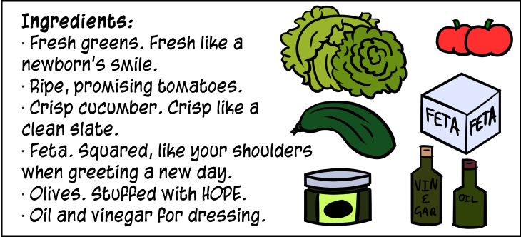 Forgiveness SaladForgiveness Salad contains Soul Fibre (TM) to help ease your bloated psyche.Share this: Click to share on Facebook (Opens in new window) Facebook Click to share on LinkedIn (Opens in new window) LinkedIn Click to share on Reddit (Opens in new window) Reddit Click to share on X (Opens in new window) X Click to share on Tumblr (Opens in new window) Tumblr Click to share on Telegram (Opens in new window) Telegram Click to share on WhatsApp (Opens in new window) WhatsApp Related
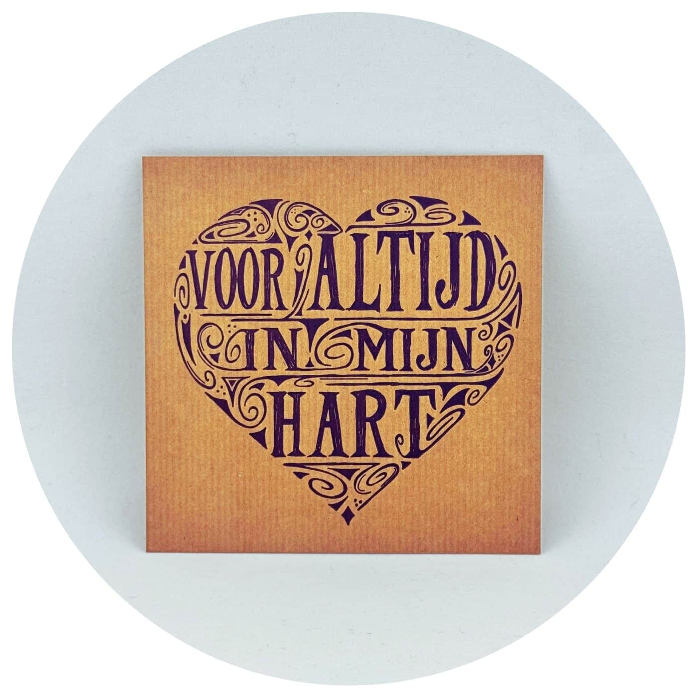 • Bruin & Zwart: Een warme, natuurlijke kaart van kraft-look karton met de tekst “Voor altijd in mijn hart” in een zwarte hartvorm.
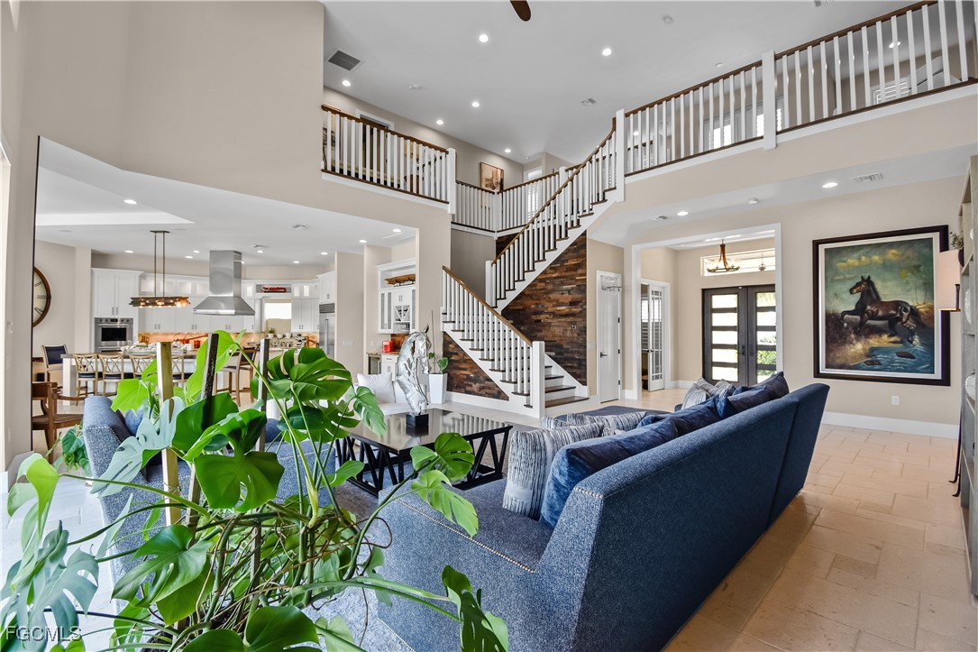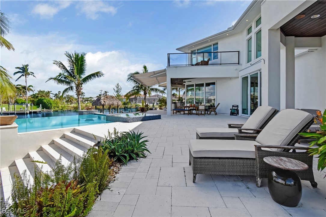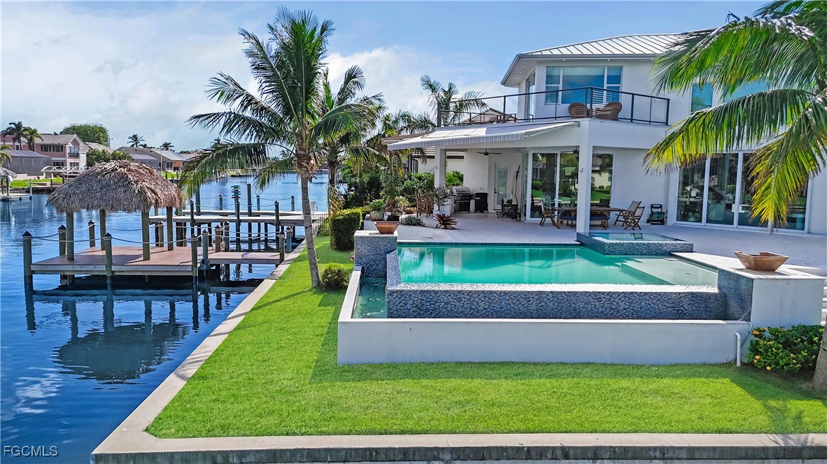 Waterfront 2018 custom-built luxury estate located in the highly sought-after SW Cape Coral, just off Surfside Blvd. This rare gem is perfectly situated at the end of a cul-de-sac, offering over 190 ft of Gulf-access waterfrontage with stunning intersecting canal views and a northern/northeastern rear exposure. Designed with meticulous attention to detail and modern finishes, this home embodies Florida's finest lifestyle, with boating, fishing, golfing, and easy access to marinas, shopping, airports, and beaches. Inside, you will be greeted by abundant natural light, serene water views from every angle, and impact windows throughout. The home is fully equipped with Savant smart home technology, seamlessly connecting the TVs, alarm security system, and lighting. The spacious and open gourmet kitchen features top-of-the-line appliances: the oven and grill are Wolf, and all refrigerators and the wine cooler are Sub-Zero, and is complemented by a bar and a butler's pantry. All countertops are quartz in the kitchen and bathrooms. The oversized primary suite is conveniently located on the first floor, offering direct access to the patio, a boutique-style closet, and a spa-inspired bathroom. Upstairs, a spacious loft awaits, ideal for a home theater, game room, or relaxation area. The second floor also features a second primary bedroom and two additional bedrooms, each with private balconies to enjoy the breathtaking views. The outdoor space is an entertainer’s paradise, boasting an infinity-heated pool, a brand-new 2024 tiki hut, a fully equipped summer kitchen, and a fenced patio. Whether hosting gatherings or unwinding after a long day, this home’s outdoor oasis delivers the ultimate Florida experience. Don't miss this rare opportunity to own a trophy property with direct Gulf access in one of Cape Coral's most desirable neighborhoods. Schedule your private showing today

- WHAT TO PRODUCE
Return exactly the lines starting at the line with "een zwarte hartvorm." and ending at the last line of the listing, both ends included; pictures are to be left out.

- ANSWER TO THE EXERCISE
 • Bruin & Zwart: Een warme, natuurlijke kaart van kraft-look karton met de tekst “Voor altijd in mijn hart” in een zwarte hartvorm.
 Waterfront 2018 custom-built luxury estate located in the highly sought-after SW Cape Coral, just off Surfside Blvd. This rare gem is perfectly situated at the end of a cul-de-sac, offering over 190 ft of Gulf-access waterfrontage with stunning intersecting canal views and a northern/northeastern rear exposure. Designed with meticulous attention to detail and modern finishes, this home embodies Florida's finest lifestyle, with boating, fishing, golfing, and easy access to marinas, shopping, airports, and beaches. Inside, you will be greeted by abundant natural light, serene water views from every angle, and impact windows throughout. The home is fully equipped with Savant smart home technology, seamlessly connecting the TVs, alarm security system, and lighting. The spacious and open gourmet kitchen features top-of-the-line appliances: the oven and grill are Wolf, and all refrigerators and the wine cooler are Sub-Zero, and is complemented by a bar and a butler's pantry. All countertops are quartz in the kitchen and bathrooms. The oversized primary suite is conveniently located on the first floor, offering direct access to the patio, a boutique-style closet, and a spa-inspired bathroom. Upstairs, a spacious loft awaits, ideal for a home theater, game room, or relaxation area. The second floor also features a second primary bedroom and two additional bedrooms, each with private balconies to enjoy the breathtaking views. The outdoor space is an entertainer’s paradise, boasting an infinity-heated pool, a brand-new 2024 tiki hut, a fully equipped summer kitchen, and a fenced patio. Whether hosting gatherings or unwinding after a long day, this home’s outdoor oasis delivers the ultimate Florida experience. Don't miss this rare opportunity to own a trophy property with direct Gulf access in one of Cape Coral's most desirable neighborhoods. Schedule your private showing today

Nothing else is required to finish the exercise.